Macintyre comments that “in many ways, Ursula’s life had been a fiction.” Thus it is appropriate that she eventually becomes a bestselling author. Under the pseudonym Ruth Werner, she acquired the reputation as “East Germany’s Enid Blyton.” Writing books that are largely autobiographical, she disguised the identities of people she knew and labelled her stories as fiction. She proved to be "a natural thriller writer, in life and on paper.” Sonya’s Report, published in English in 1991 by Chatto and Windus, is her own take on her life story.

The astonishing failure of MI5 to catch Sonya had much to do with the prevailing sex and class hierarchies and the hidebound bureaucratic mindset that privileges comfort and reputation over hard work. Millicent Bagot was onto Sonya for years; yet her male colleagues overruled her objections to granting Sonya/Ursula British citizenship. After neglecting to place her under watch in her village home, the secret service eventually compounded the error by sending a spectacularly incompetent self-styled “spy catcher” to interview her. He tipped his hand immediately, and Sonya relaxed, realizing she’d be safe if she admitted nothing. The “firm’s” eventual embarrassment over this series of bungles was so great that a later MI5 chief tried to shore up its reputation by going on record with a fictitious date.

“The profession of Soviet spy is not an easy one to resign from.” It was well understood that those leaving were either “old, disgraced or dead,” and anyone attempting to back out “was considered a potential traitor.” Remarkably, after twenty years of service, the GRU allowed Ursula “to leave its ranks in a way that no other officer would have been permitted to do.” Though Stalin’s power was “founded on abject obedience,” Sonya’s release from spying “without recrimination, reprisal, or regret” proved just how exceptional she was.

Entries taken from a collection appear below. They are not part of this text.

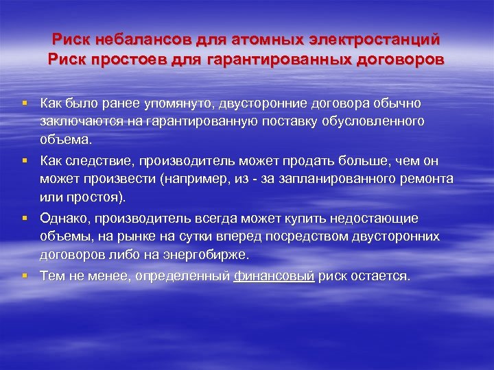 Риск небалансов для атомных электростанций Риск простоев для гарантированных договоров § Как было ранее упомянуто, двусторонние договора обычно заключаются на гарантированную поставку обусловленного объема. § Как следствие, производитель может продать больше, чем он может произвести (например, из - за запланированного ремонта или простоя). § Однако, производитель всегда может купить недостающие объемы, на рынке на сутки вперед посредством двусторонних договоров либо на энергобирже. § Тем не менее, определенный финансовый риск остается.
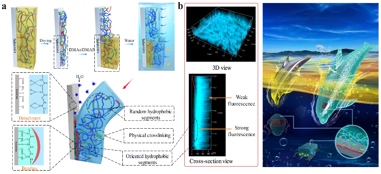 、广东省节能环保精细化学品工程技术研究中心的吴旭副教授团队针对水下防油粘附涂层材料的工程应用难题,围绕聚氨酯两亲分子特定结构与应用功能,提出了水溶性溶剂渗透驱动亲疏水链段在水凝胶超亲水表层和基材附着底层的取向排列新机理,实现了一步溶剂置换涂装工艺下的水下超疏油涂层与各类基材之间的高附着性,从材料合成到涂装工艺为水下防油粘附涂层材料的大面积制备和工程应用提供了简易、通用、可工业化放大的可行方案。
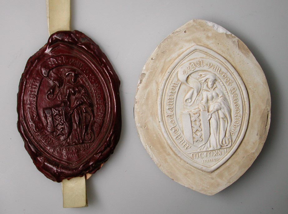- Lakzegel en gipsen stempel Genootschap Amstelodamum, 1925
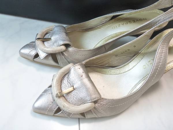 2万★NOVESPAZIO ノーベスパジオ★ シルバー系 本革 パンプス サンダル 23
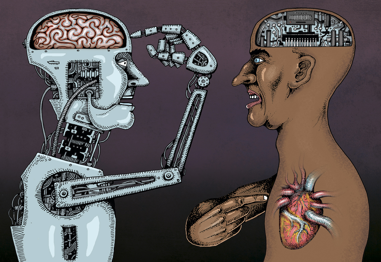My drawing reflects the era of high technology and artificial intelligence, an era in which a person will increasingly acquire the features of a robot, and the robot will become more and more humanized. Someday the time will come when the differences between them, both physiological and mental, will practically disappear and philosophers will again begin discussions about what a person is, what is the meaning of his existence, and the motto “Liberty Equality Fraternity” from the time of the Great French Revolution will be filled new meaning and sparkle with fresh colors.
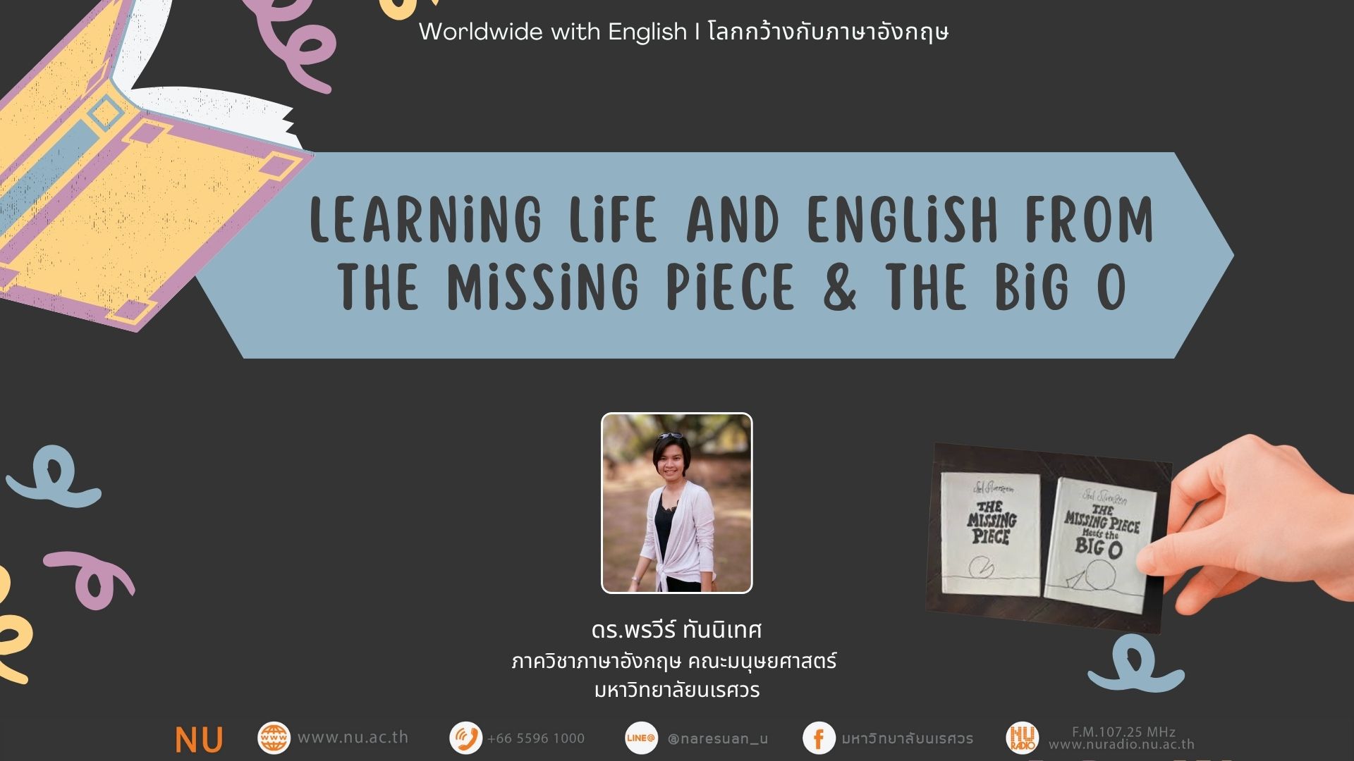 - ผู้ดำเนินรายการ : ดร.พรวีร์ ทันนิเทศ ภาควิชาภาษาอังกฤษ คณะมนุษยศาสตร์ มหาวิทยาลัยนเรศวร

Interviewed at age 88, Sonya’s eldest son Michael recalled how he’d lived in six countries by the age of ten. Though he acknowledged his mother’s admirable idealism, his reflections hint at the enormous human cost human cost of placing political loyalty above all other considerations. Michael claimed to believe his mother loved her children. Yet after three marriages and three divorces, he reflected that he’d never learned to trust. The thought of what might have happened to him if his mother had been caught when he was a small boy haunted him for life.

His siblings’ comments are also instructive. “I do not think my mother had us children as cover for her spy work,” said his sister Nina, the wording of her sentence expressing her doubt. Peter, the youngest. resented how his mother always grilled him to learn “a little more than I wanted to tell,“ and commented that Nina told her everything and Michael nothing.

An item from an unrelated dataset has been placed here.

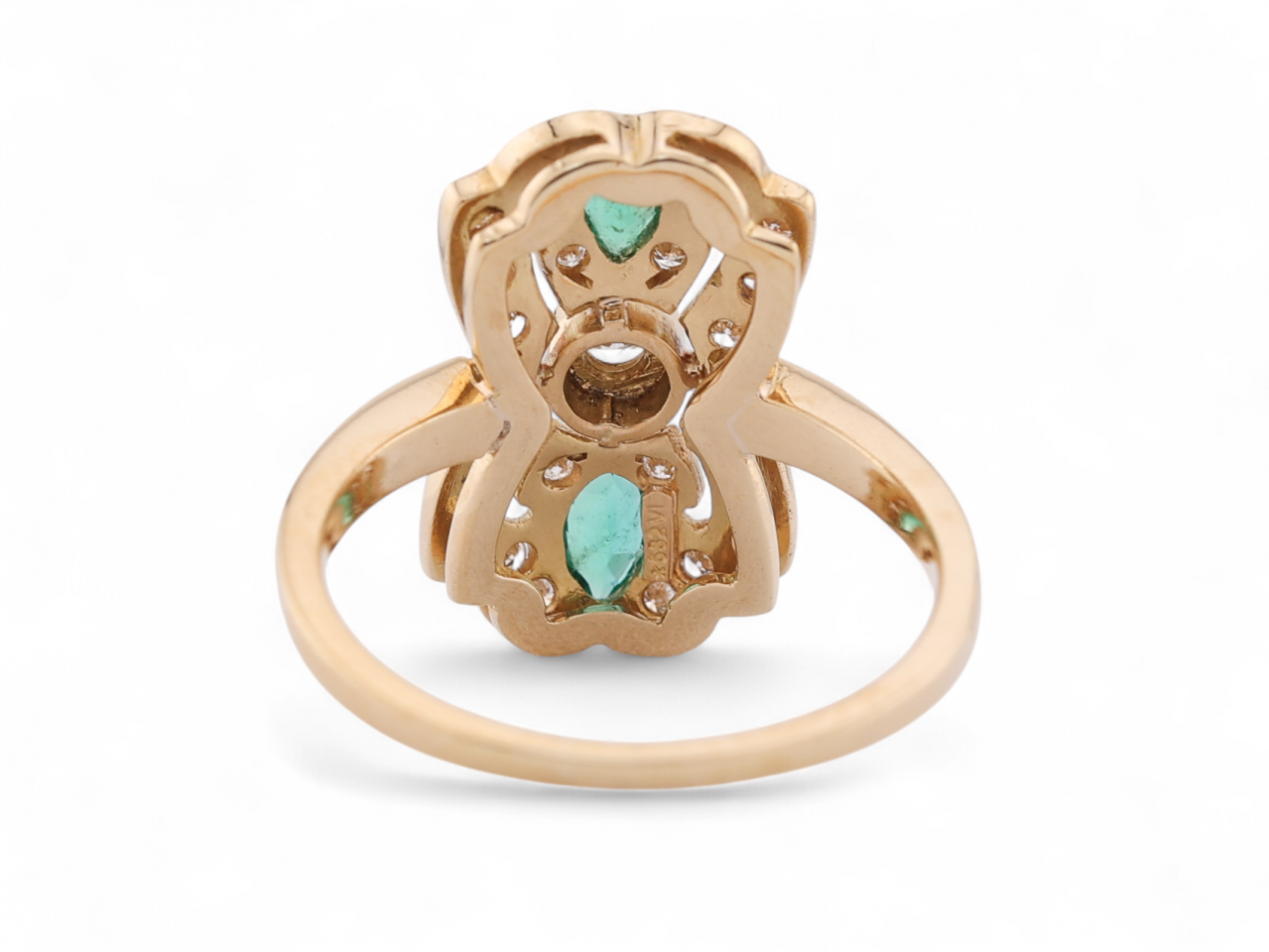 Vintage shield cluster ring set with emerald and diamonds in 18kt yellow gold

This book alludes to themes portrayed in Macintyre’s fascinating portrait of Kim Philby. Both reveal the power of one’s historic time and place to impinge on individual lives. Both books bear witness to the consequences of imaginative failures in those who wield great power — Eastern and Western alike. Comfortable bureaucrats in positions whose power seems secure may not trouble themselves to envision how people outside their milieu can and do operate from utterly different sets of socio-cultural rules and motivations. The characters in the book reveal the danger of holding rigid beliefs and refusing to entertain anything that calls in question the political dogma some individuals cling to, even when faced with strong evidence to the contrary.

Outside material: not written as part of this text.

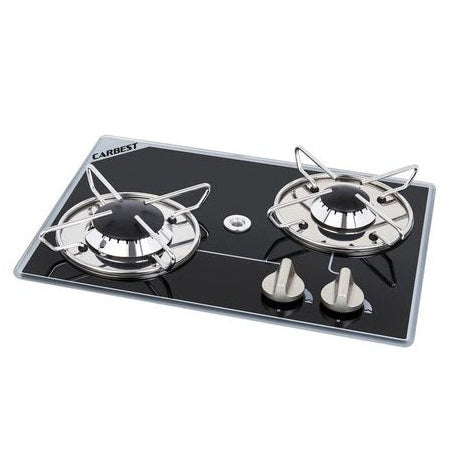 Hochwertiger Carbest Einbau-Gaskocher 2-flammig mit Zündsicherung und manueller Zündung.
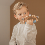 ¡Deje que los niños disfruten sosteniendo y agitando este sonajero de madera Label Label! Las campanas crean todo tipo de sonidos divertidos, lo que convierte a este sonajero en el juguete musical ideal para jóvenes músicos en ciernes.

The author’s descriptions of the lives of Sonya’s children also point to the consequences of our early childhoods on our later lives. As a lonely or traumatized child enters adulthood, the doomed quest for parental love can all too easily be sublimated into fanatical devotion to a political cause where belonging seems assured. Sonya herself felt closer to her nanny than her mother. Ironically, after years of devoted care for Sonja’s children, the old woman betrayed her in the end.